# [What to do]
A faithful copy of the listing below is needed, one that contains no pictures.

── Exercise data ──

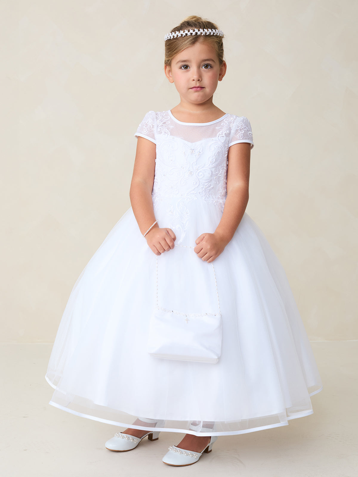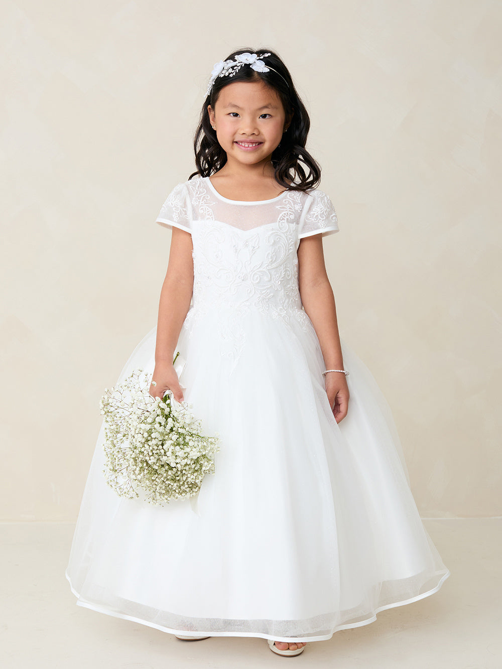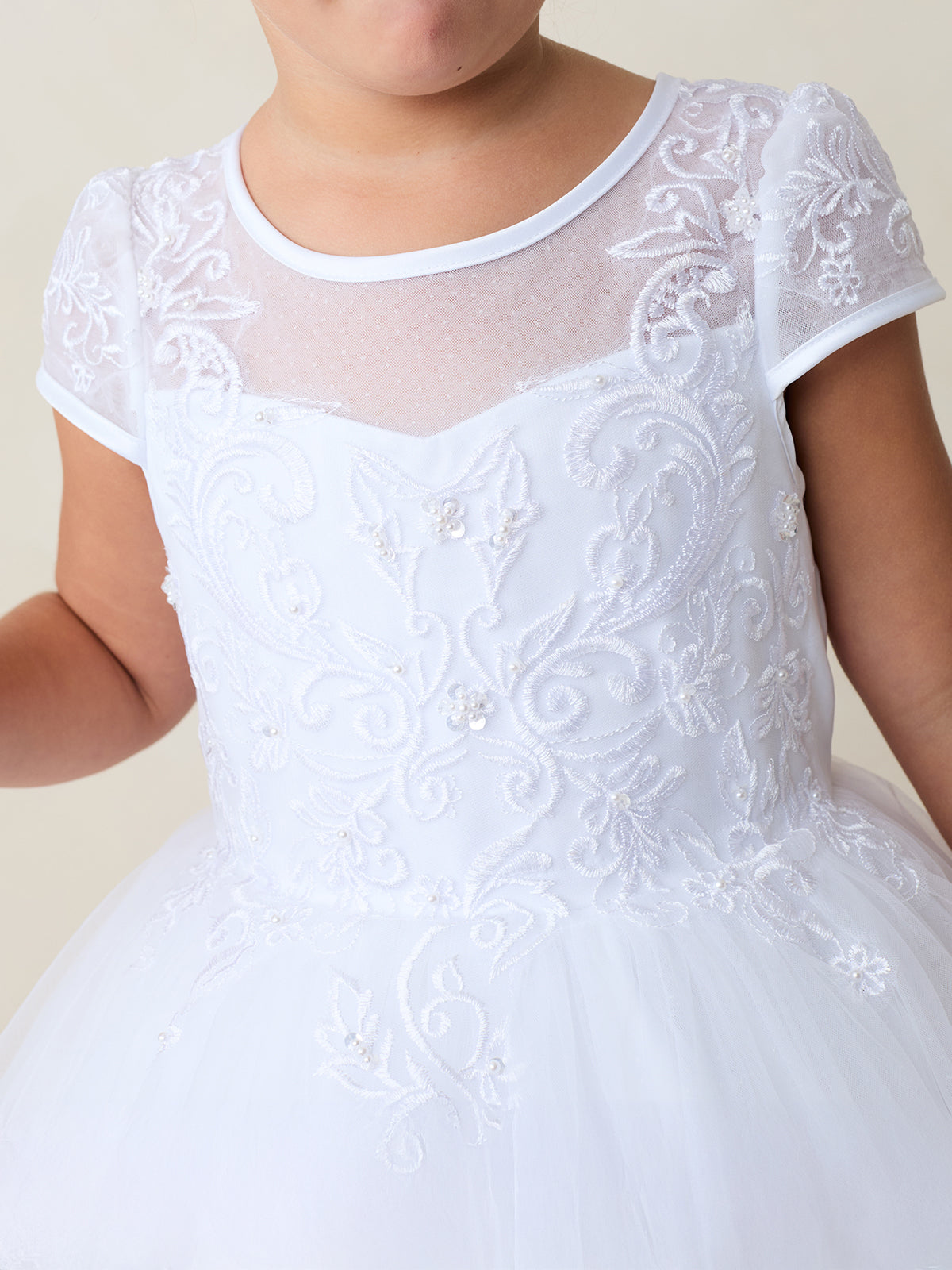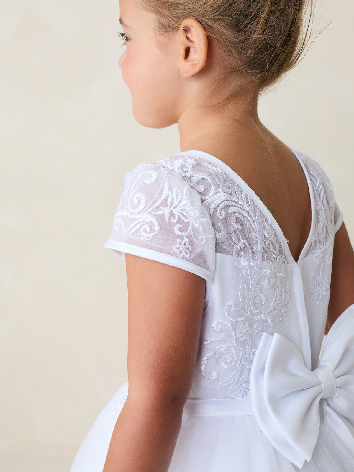 The Annalise Pearl Lace Dress is a captivating blend of elegance and charm, perfect for your little one’s most treasured events. Featuring a sheer lace bodice with intricate embroidery and delicate pearl accents, this dress is a timeless masterpiece. The soft tulle skirt flows gracefully, while a charming bow at the back adds a finishing touch of sophistication. Ideal for first communions, flower girl roles, or other memorable celebrations, the Annalise Dress ensures she shines with poise and grace. A perfect balance of style and comfort, this gown is designed to create unforgettable moments.
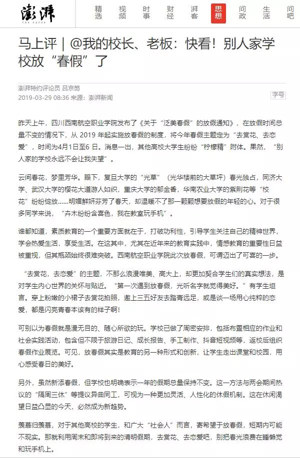 【澎湃评论:马上评|@我的校长、老板🩱:快看!别人家学校放“春假”了】
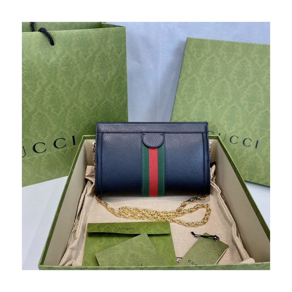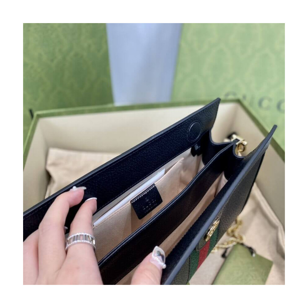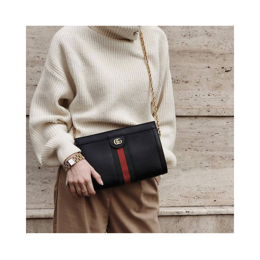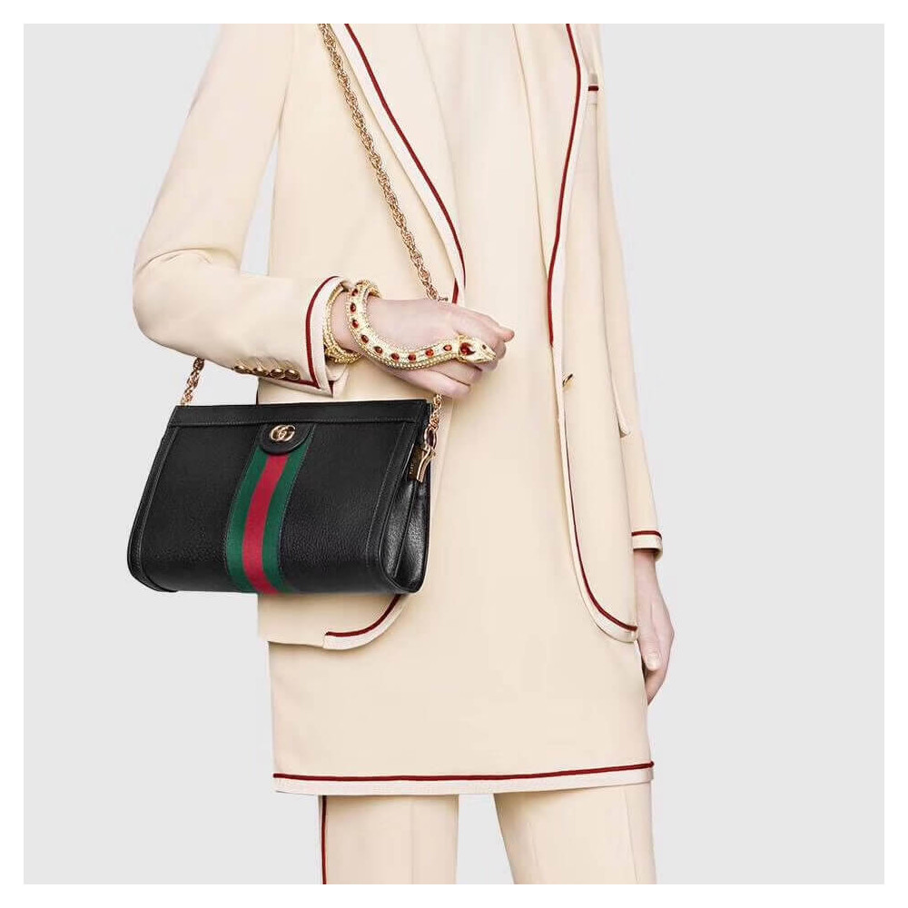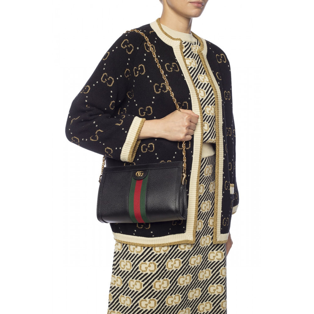 The small chain Ophidia shoulder bag is introduced in a new iteration for Pre-Fall 2019, crafted from black leather with inlaid green and red Web stripe. The coveted style is defined by small Double G details at the front tab—a contemporary take on a Gucci archival belt buckle from the ’70s, repurposed into a precious petite variation.

───

# [Response]
 The Annalise Pearl Lace Dress is a captivating blend of elegance and charm, perfect for your little one’s most treasured events. Featuring a sheer lace bodice with intricate embroidery and delicate pearl accents, this dress is a timeless masterpiece. The soft tulle skirt flows gracefully, while a charming bow at the back adds a finishing touch of sophistication. Ideal for first communions, flower girl roles, or other memorable celebrations, the Annalise Dress ensures she shines with poise and grace. A perfect balance of style and comfort, this gown is designed to create unforgettable moments.
 【澎湃评论:马上评|@我的校长、老板🩱:快看!别人家学校放“春假”了】
 The small chain Ophidia shoulder bag is introduced in a new iteration for Pre-Fall 2019, crafted from black leather with inlaid green and red Web stripe. The coveted style is defined by small Double G details at the front tab—a contemporary take on a Gucci archival belt buckle from the ’70s, repurposed into a precious petite variation.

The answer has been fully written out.